Madde 257 – (1) 256 ncı maddeye göre verilmesi gereken kararlar, duruşmalı olarak verilir.

(2) Müsadere veya iade olunacak eşya veya diğer malvarlığı değerleri üzerinde hakkı olan kimseler de duruşmaya çağrılır. Bu kişiler, sanığın sahip olduğu hakları kullanabilirler.

(3) Çağrıya uymamaları, işlemin ertelenmesine neden olmaz ve hükmün verilmesini engellemez.

2. Eşya (Mal) Müsaderesi Nedir?

Türk Ceza Kanunu gereğince bir suçun müeyyidesi olan yaptırımlar cezalar ve güvenlik tedbirleri olarak adlandırılmaktadır. Buna göre de hem eşya müsaderesi hem de kazanç müsaderesi birer güvenlik tedbiri şeklinde yaptırım olmaktadır.

Ceza hukukunda cezalar ve güvenlik tedbirleri ayrımının olmasının sebebi; ceza yaptırımının failin kusurluluğu üzerine inşa edilirken, güvenlik tedbirinin failin tehlikelilik hali üzerine inşa edilmesidir.

Müsaderenin güvenlik tedbiri olmasının sonuçları şu şekildedir:

  • Kazanılmış hak, tamamlanmış ve kişiye özgü lehte sonuçlar doğurmuş bir hukuki işlemin hukuk sistemi tarafından tanınması ve korunması anlamına geldiğinden, müsadereye ilişkin verilen mahkeme kararlarında kazanılmış hak durumu bulunmamaktadır.
  • Mahkemenin bir eşya veya paranın müsadere edilmesi gerektiği halde müsadere konusunda karar vermemesi bile sanık açısından kazanılmış hak durumu oluşturmamaktadır.

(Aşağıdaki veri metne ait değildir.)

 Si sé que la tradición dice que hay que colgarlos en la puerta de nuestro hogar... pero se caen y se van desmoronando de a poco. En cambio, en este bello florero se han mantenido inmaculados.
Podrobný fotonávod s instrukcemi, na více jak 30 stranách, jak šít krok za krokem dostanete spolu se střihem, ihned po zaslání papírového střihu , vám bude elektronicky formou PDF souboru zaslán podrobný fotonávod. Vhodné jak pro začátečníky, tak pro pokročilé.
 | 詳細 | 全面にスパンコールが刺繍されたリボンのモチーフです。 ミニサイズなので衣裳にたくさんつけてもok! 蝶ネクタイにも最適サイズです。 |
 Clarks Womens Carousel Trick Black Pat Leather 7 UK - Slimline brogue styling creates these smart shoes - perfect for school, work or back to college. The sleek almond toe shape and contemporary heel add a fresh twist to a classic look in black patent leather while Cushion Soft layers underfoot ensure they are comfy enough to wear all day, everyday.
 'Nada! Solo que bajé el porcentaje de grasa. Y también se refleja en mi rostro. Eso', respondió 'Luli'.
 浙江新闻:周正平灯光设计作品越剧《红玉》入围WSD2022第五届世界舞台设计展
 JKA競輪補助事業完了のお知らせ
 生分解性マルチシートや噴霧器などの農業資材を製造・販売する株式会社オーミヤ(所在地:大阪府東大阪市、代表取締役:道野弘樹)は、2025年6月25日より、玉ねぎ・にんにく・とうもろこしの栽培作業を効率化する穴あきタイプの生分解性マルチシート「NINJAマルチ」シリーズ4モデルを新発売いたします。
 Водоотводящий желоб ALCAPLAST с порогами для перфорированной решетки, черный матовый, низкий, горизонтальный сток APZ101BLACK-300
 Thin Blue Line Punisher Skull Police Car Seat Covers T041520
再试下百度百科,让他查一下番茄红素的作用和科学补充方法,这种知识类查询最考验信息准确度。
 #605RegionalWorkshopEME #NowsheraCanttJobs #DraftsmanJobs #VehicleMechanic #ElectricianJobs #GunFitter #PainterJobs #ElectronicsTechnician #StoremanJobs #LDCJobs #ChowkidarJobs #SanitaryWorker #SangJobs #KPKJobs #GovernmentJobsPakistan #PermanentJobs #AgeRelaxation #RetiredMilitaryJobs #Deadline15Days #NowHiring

Mahkeme, sonradan da müsadere konusunda karar verebilir.
  • Bir eşya veya kazanç için müsadere hükümlerinin uygulanması için suç işlenmesi zorunlu olsa bile, mahkeme tarafından mutlaka mahkumiyet kararı verilmesi şart değildir. Yani yargılanan kişiler hakkında beraat kararı verilse bile suç ile ilgili olan eşya veya kazanç müsadere edilebilmektedir.
  • Mahkemenin verdiği müsadere kararının infazı için infaz zamanaşımı süresi, hükmün kesinleşmesinden itibaren 20 yıl olmaktadır.

3. Eşya (Mal) Müsaderesi Şartları Nelerdir?

Türk Ceza Kanunu madde 54:

(1) İyiniyetli üçüncü kişilere ait olmamak koşuluyla, kasıtlı bir suçun işlenmesinde kullanılan veya suçun işlenmesine tahsis edilen ya da suçtan meydana gelen eşyanın müsaderesine hükmolunur. Suçun işlenmesinde kullanılmak üzere hazırlanan eşya, kamu güvenliği, kamu sağlığı veya genel ahlak açısından tehlikeli olması durumunda müsadere edilir. Eşyanın üzerinde iyiniyetli üçüncü kişiler lehine tesis edilmiş sınırlı ayni hakkın bulunması hâlinde müsadere kararı, bu hak saklı kalmak şartıyla verilir.

(2) Birinci fıkra kapsamına giren eşyanın, ortadan kaldırılması, elden çıkarılması, tüketilmesi veya müsaderesinin başka bir surette imkansız kılınması halinde; bu eşyanın değeri kadar para tutarının müsaderesine karar verilir.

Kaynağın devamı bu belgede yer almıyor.